-------- SUPPLIED MATERIAL

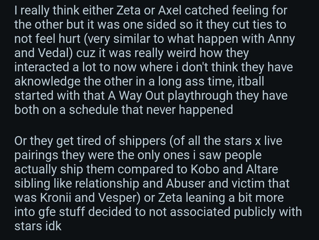 >>108813854I'm gonna entertain this nigga and say that..... there's is a high chance one of them caught feelings, with Zeta openly thirsting for Axel it actually makes me believe it was him that caught feelings for her thanks to the shippers, now you might ask why not the other way around if she was orbitting to Axel's cock? simply because Zeta is more of a hoe than we can imagine, so when shippers got into axel's head (which happened with many male vtubers who thought their female collaborators wanted to fuck becaus eof shippers) she most likely went ''Bro it was just some RP, calm down''
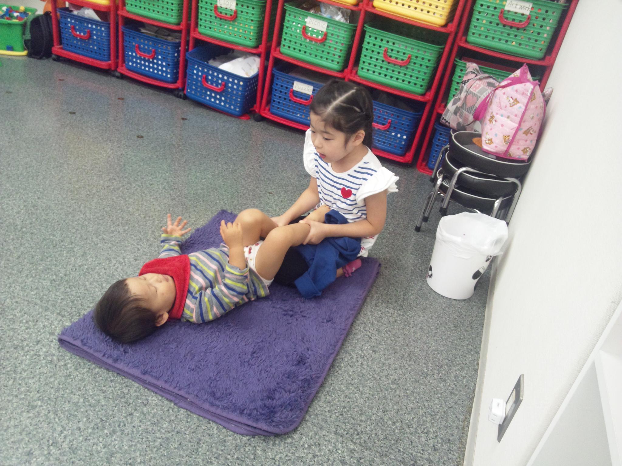 お着替えのお手伝いをしてくれています。微笑ましいですemoji
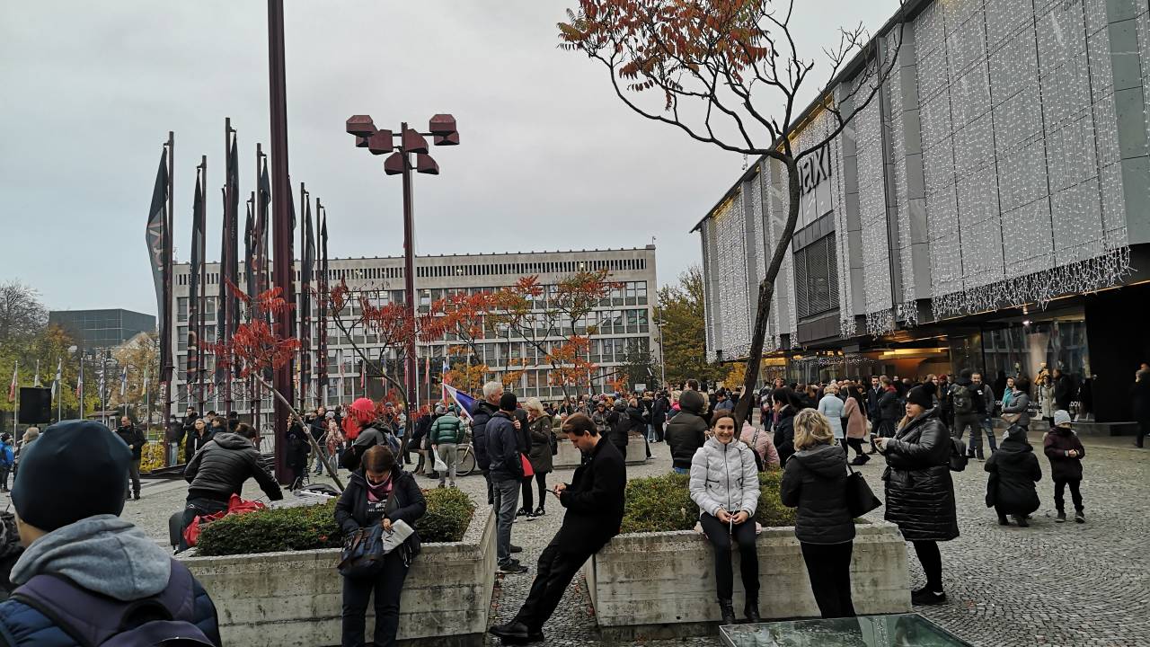 15.30 - Na Trgu republike se je že zbralo nekaj protestnikov.

----------------

◆ ASSIGNMENT
Transcribe all lines above exactly, skipping pictures.

◆ RESPONSE
 >>108813854I'm gonna entertain this nigga and say that..... there's is a high chance one of them caught feelings, with Zeta openly thirsting for Axel it actually makes me believe it was him that caught feelings for her thanks to the shippers, now you might ask why not the other way around if she was orbitting to Axel's cock? simply because Zeta is more of a hoe than we can imagine, so when shippers got into axel's head (which happened with many male vtubers who thought their female collaborators wanted to fuck becaus eof shippers) she most likely went ''Bro it was just some RP, calm down''
 お着替えのお手伝いをしてくれています。微笑ましいですemoji
 15.30 - Na Trgu republike se je že zbralo nekaj protestnikov.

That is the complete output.